## Problem to work on
When you reproduce the listing, keep every word as it is and drop the pictures.
── Information shown
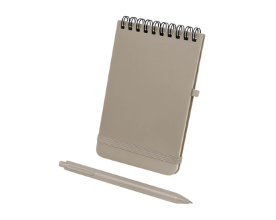 HL 9103 - Libreta de bolsillo con 60 hojas a rayas. Cubierta de plástico y cierre elástico. Incluye bolígrafo de plástico con sistema push. Su espiral y formato vertical la hace una opción práctica para notas diarias eficientes.
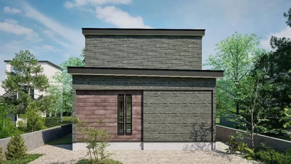 外壁は、グリーンカラーの木目調サイディングと、セメントならではの素朴な風合いを生かした「SOLIDO(茶錆)」を採用。味わい深く、唯一無二の外観に仕上げました。
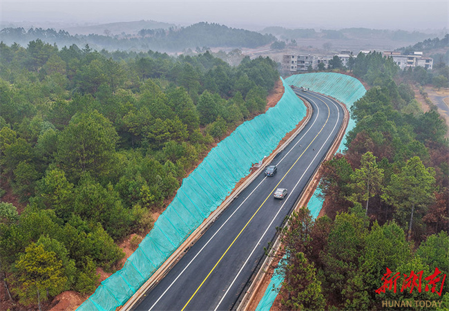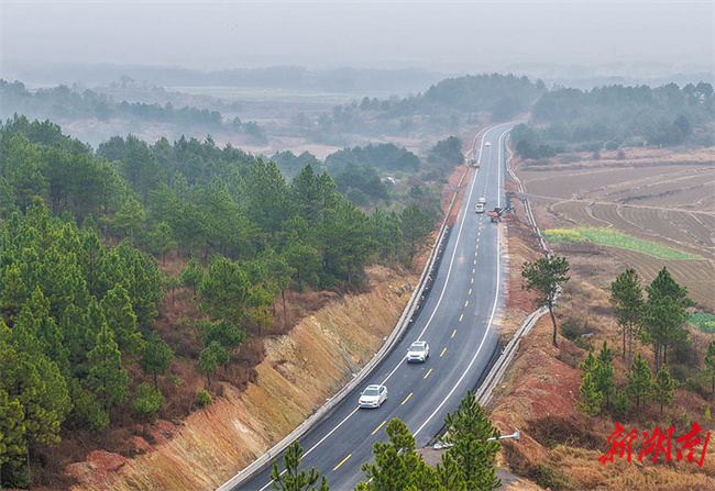 The photo, taken on February 9, shows vehicles traveling along the Gongba section of Shangtan Highway in Daoxian County. Recently, the 58-kilometer Shangtan Highway was fully completed and opened to traffic, serving as a vital transportation link connecting five townships and serving 200,000 residents, effectively promoting integrated urban-rural development. (Photo/Jiang Keqing)
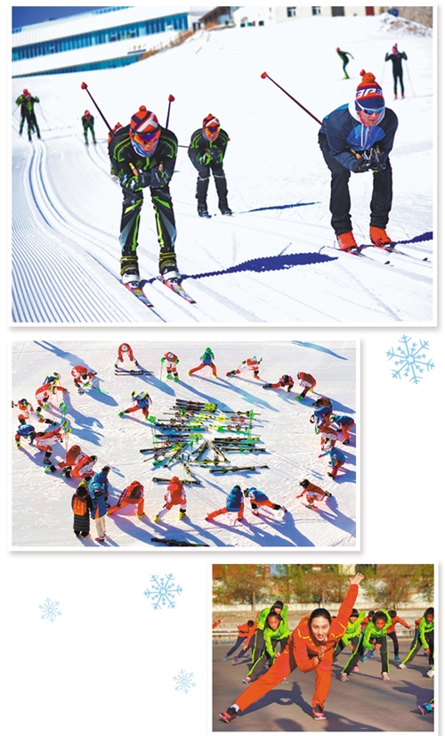 张家口市青少年冬季奥林匹克运动学校,是全国首所体教结合的冰雪学校。目前,该校在校学员826名,其中专业运动员127名,组建起了高山滑雪、越野滑雪、单板U型场地、单板平行大回转、坡面障碍技巧及大跳台、速度滑冰等6支专业队伍。教练员和学员在课余还致力推广冰雪运动走进社区、农村和中小学,推动“到2022年3亿人参与冰雪运动”目标的实现,成为冰雪运动的“助推剂”和“播种机”。图为张家口市青少年冬季奥林匹克运动学校学员在崇礼雪场进行训练。
────
## Reply
 HL 9103 - Libreta de bolsillo con 60 hojas a rayas. Cubierta de plástico y cierre elástico. Incluye bolígrafo de plástico con sistema push. Su espiral y formato vertical la hace una opción práctica para notas diarias eficientes.
 外壁は、グリーンカラーの木目調サイディングと、セメントならではの素朴な風合いを生かした「SOLIDO(茶錆)」を採用。味わい深く、唯一無二の外観に仕上げました。
 The photo, taken on February 9, shows vehicles traveling along the Gongba section of Shangtan Highway in Daoxian County. Recently, the 58-kilometer Shangtan Highway was fully completed and opened to traffic, serving as a vital transportation link connecting five townships and serving 200,000 residents, effectively promoting integrated urban-rural development. (Photo/Jiang Keqing)
 张家口市青少年冬季奥林匹克运动学校,是全国首所体教结合的冰雪学校。目前,该校在校学员826名,其中专业运动员127名,组建起了高山滑雪、越野滑雪、单板U型场地、单板平行大回转、坡面障碍技巧及大跳台、速度滑冰等6支专业队伍。教练员和学员在课余还致力推广冰雪运动走进社区、农村和中小学,推动“到2022年3亿人参与冰雪运动”目标的实现,成为冰雪运动的“助推剂”和“播种机”。图为张家口市青少年冬季奥林匹克运动学校学员在崇礼雪场进行训练。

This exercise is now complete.